(Task to carry out): Once you find the line with "Klapki Damskie Na" in the data below, transcribe exactly each line from there to the line with "性能方面,S50 搭载的是高通第三代骁龙 8s,S50", inclusive, and nothing else. Drop the pictures.

(Task inputs):
········
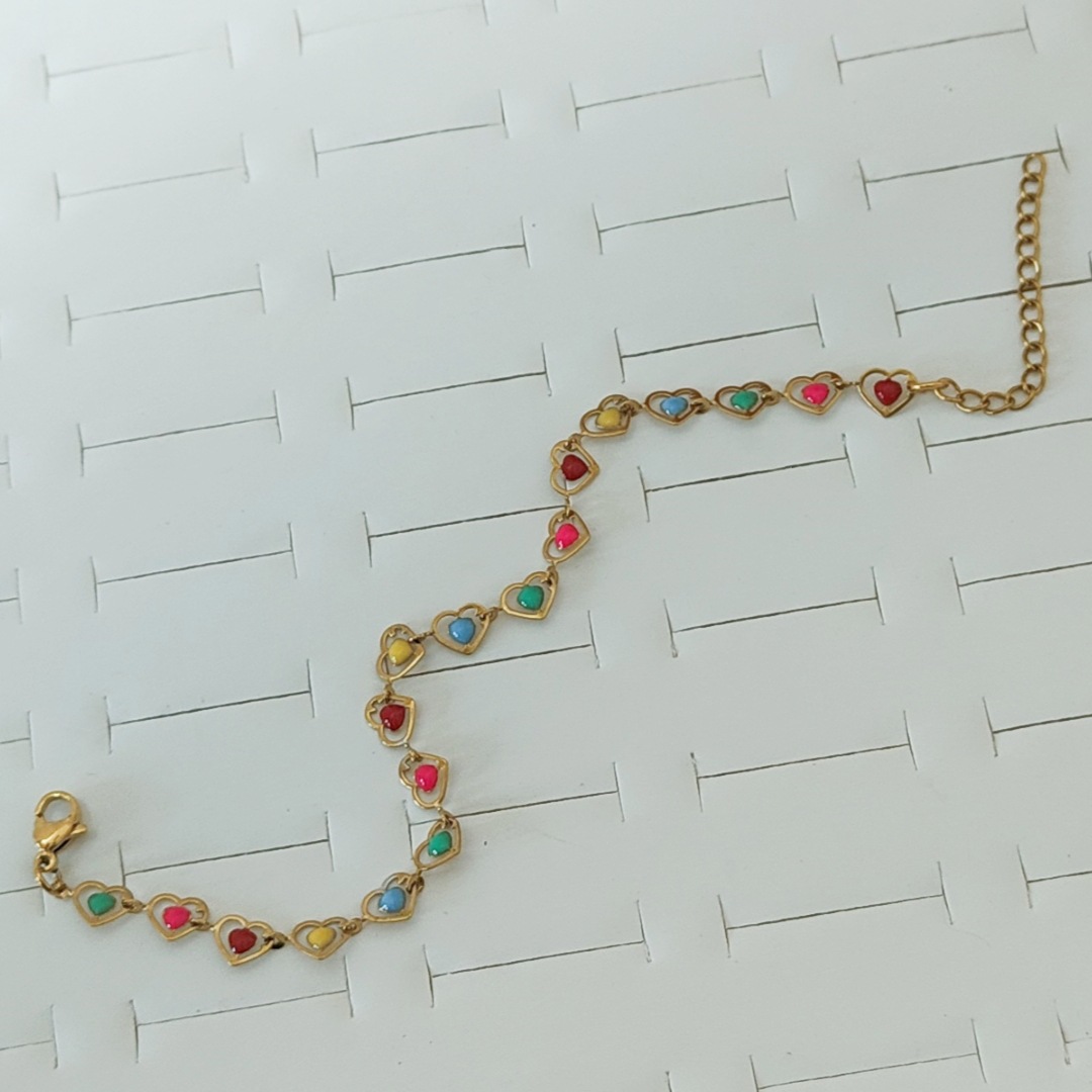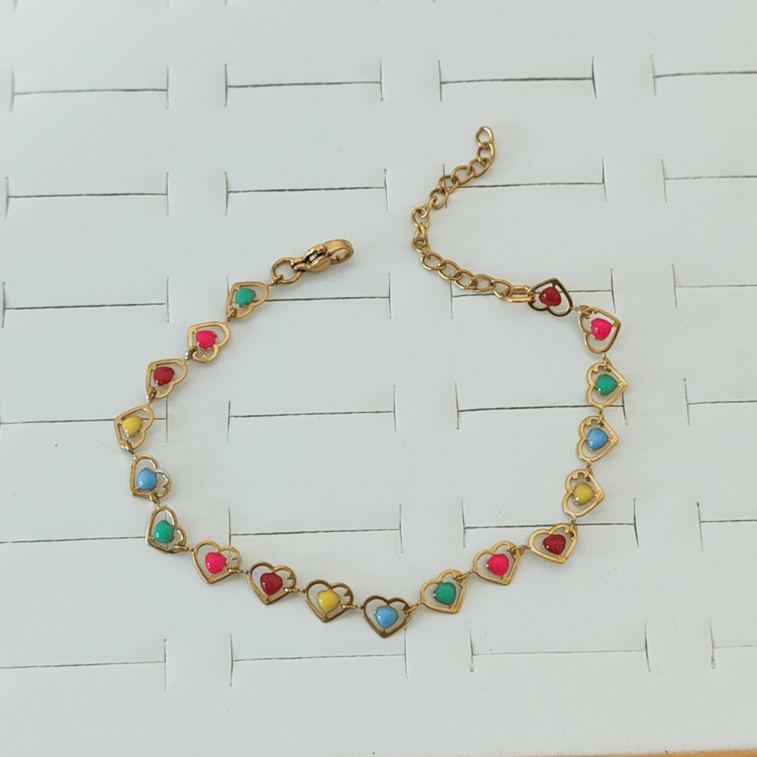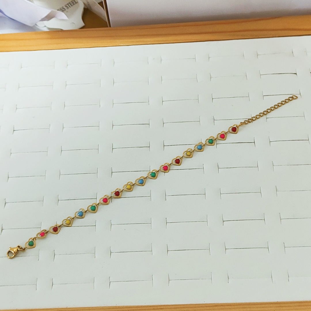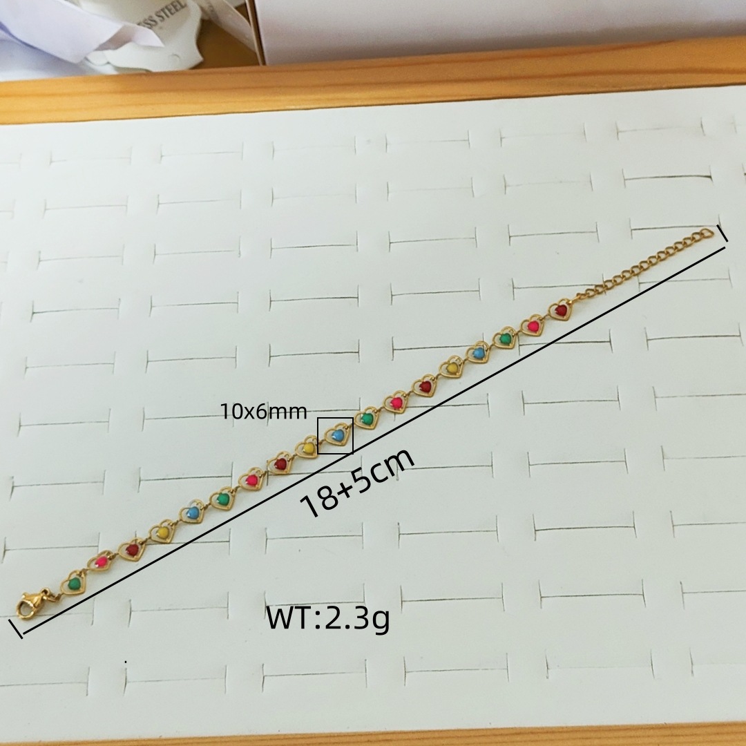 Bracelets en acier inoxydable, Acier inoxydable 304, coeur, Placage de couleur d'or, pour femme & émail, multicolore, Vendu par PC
········
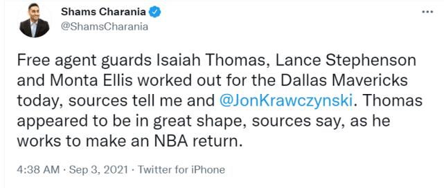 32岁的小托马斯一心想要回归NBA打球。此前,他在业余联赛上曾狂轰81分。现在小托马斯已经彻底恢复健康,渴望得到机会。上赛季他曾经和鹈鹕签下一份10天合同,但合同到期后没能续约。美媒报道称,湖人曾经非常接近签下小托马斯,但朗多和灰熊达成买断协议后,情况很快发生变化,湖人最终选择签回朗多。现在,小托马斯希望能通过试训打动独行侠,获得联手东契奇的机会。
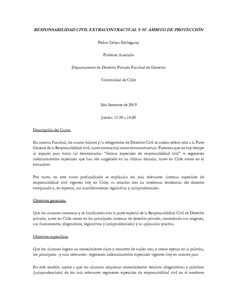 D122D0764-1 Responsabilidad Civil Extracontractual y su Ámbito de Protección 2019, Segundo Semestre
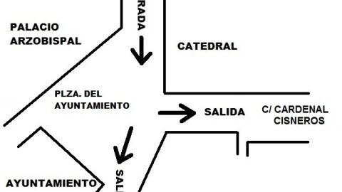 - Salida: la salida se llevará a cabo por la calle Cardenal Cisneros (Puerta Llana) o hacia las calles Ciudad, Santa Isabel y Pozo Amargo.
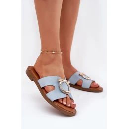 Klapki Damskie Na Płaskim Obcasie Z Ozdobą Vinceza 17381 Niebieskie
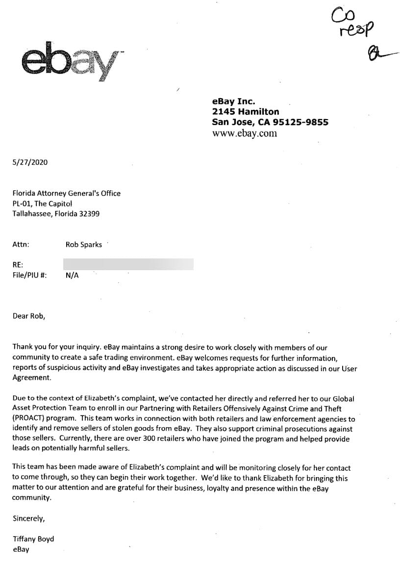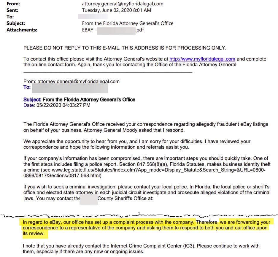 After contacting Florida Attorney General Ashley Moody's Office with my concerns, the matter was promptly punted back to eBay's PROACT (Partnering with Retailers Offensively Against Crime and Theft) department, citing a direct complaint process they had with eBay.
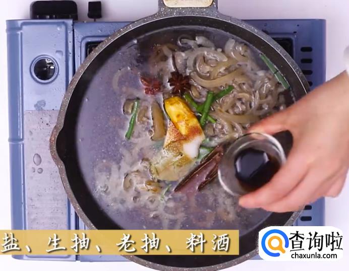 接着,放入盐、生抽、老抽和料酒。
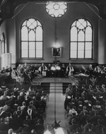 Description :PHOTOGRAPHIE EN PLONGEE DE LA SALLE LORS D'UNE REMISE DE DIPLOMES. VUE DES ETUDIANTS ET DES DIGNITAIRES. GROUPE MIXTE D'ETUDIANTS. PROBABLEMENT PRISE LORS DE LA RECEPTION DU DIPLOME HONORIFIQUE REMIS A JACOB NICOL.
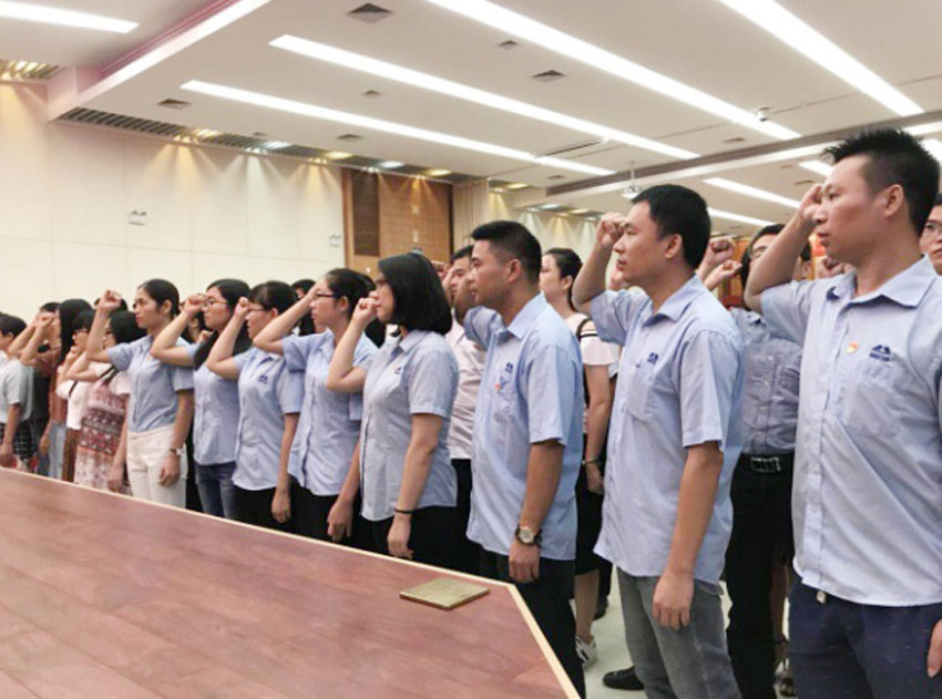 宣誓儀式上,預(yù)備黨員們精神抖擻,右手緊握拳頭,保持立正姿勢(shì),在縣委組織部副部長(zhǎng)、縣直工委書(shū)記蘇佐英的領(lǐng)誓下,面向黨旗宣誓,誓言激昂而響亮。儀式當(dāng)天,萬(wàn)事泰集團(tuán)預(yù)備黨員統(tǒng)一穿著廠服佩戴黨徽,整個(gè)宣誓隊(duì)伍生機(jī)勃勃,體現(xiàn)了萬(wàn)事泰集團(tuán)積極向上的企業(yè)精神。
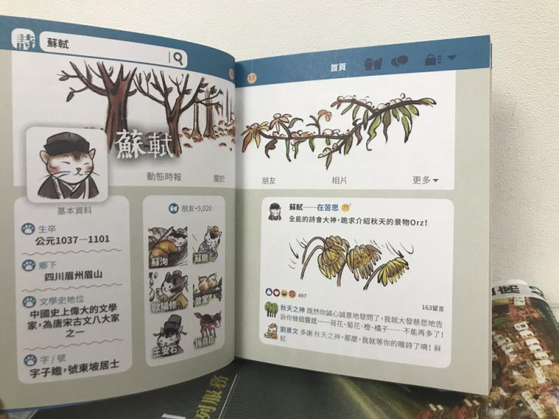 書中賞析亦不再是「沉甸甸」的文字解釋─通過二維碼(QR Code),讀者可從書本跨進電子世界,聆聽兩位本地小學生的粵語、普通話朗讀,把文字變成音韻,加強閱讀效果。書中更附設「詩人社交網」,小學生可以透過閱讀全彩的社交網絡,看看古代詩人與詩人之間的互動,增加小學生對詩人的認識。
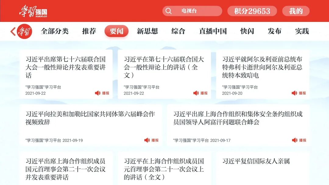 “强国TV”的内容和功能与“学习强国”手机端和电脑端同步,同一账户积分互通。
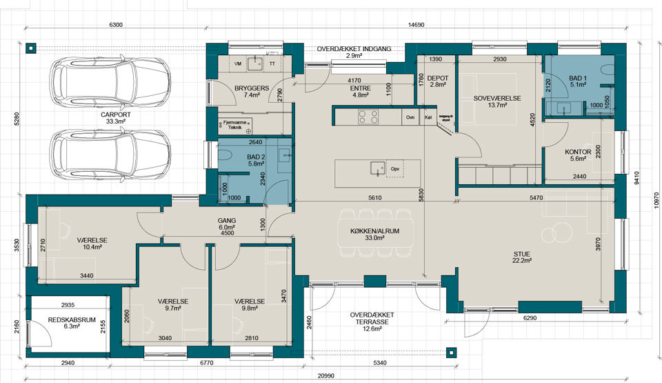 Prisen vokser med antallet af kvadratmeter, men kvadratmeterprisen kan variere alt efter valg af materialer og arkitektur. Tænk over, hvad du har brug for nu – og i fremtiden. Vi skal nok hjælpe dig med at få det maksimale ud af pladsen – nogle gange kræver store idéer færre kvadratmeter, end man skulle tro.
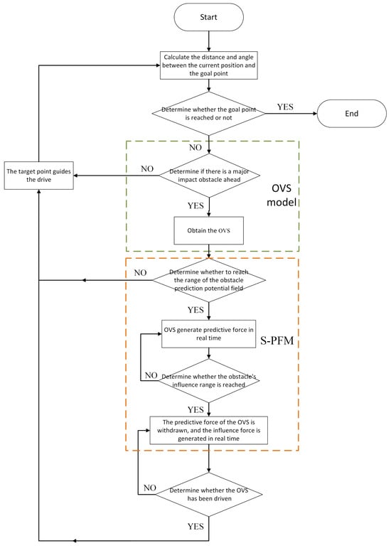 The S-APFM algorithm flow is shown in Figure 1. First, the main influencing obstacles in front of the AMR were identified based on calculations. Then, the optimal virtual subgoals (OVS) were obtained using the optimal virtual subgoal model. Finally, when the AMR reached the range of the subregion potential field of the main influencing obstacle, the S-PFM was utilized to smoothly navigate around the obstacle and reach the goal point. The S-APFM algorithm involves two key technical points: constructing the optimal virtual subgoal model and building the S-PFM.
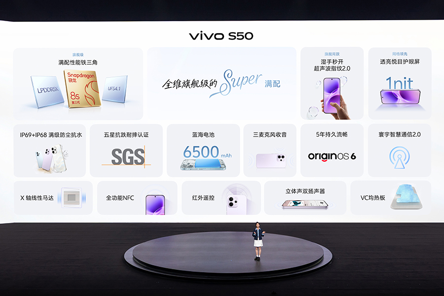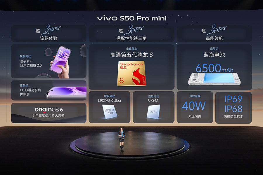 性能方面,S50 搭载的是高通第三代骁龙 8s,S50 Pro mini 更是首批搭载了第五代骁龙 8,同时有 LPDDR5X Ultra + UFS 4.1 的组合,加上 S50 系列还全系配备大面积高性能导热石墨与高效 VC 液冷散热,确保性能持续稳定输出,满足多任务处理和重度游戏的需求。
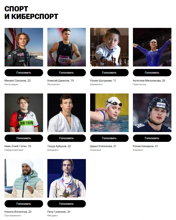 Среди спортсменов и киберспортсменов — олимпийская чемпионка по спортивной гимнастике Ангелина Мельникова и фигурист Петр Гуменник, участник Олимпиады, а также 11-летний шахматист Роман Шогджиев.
········
(Exercise solution):
 Klapki Damskie Na Płaskim Obcasie Z Ozdobą Vinceza 17381 Niebieskie
 After contacting Florida Attorney General Ashley Moody's Office with my concerns, the matter was promptly punted back to eBay's PROACT (Partnering with Retailers Offensively Against Crime and Theft) department, citing a direct complaint process they had with eBay.
 接着,放入盐、生抽、老抽和料酒。
 Description :PHOTOGRAPHIE EN PLONGEE DE LA SALLE LORS D'UNE REMISE DE DIPLOMES. VUE DES ETUDIANTS ET DES DIGNITAIRES. GROUPE MIXTE D'ETUDIANTS. PROBABLEMENT PRISE LORS DE LA RECEPTION DU DIPLOME HONORIFIQUE REMIS A JACOB NICOL.
 宣誓儀式上,預(yù)備黨員們精神抖擻,右手緊握拳頭,保持立正姿勢(shì),在縣委組織部副部長(zhǎng)、縣直工委書(shū)記蘇佐英的領(lǐng)誓下,面向黨旗宣誓,誓言激昂而響亮。儀式當(dāng)天,萬(wàn)事泰集團(tuán)預(yù)備黨員統(tǒng)一穿著廠服佩戴黨徽,整個(gè)宣誓隊(duì)伍生機(jī)勃勃,體現(xiàn)了萬(wàn)事泰集團(tuán)積極向上的企業(yè)精神。
 書中賞析亦不再是「沉甸甸」的文字解釋─通過二維碼(QR Code),讀者可從書本跨進電子世界,聆聽兩位本地小學生的粵語、普通話朗讀,把文字變成音韻,加強閱讀效果。書中更附設「詩人社交網」,小學生可以透過閱讀全彩的社交網絡,看看古代詩人與詩人之間的互動,增加小學生對詩人的認識。
 “强国TV”的内容和功能与“学习强国”手机端和电脑端同步,同一账户积分互通。
 Prisen vokser med antallet af kvadratmeter, men kvadratmeterprisen kan variere alt efter valg af materialer og arkitektur. Tænk over, hvad du har brug for nu – og i fremtiden. Vi skal nok hjælpe dig med at få det maksimale ud af pladsen – nogle gange kræver store idéer færre kvadratmeter, end man skulle tro.
 The S-APFM algorithm flow is shown in Figure 1. First, the main influencing obstacles in front of the AMR were identified based on calculations. Then, the optimal virtual subgoals (OVS) were obtained using the optimal virtual subgoal model. Finally, when the AMR reached the range of the subregion potential field of the main influencing obstacle, the S-PFM was utilized to smoothly navigate around the obstacle and reach the goal point. The S-APFM algorithm involves two key technical points: constructing the optimal virtual subgoal model and building the S-PFM.
 性能方面,S50 搭载的是高通第三代骁龙 8s,S50 Pro mini 更是首批搭载了第五代骁龙 8,同时有 LPDDR5X Ultra + UFS 4.1 的组合,加上 S50 系列还全系配备大面积高性能导热石墨与高效 VC 液冷散热,确保性能持续稳定输出,满足多任务处理和重度游戏的需求。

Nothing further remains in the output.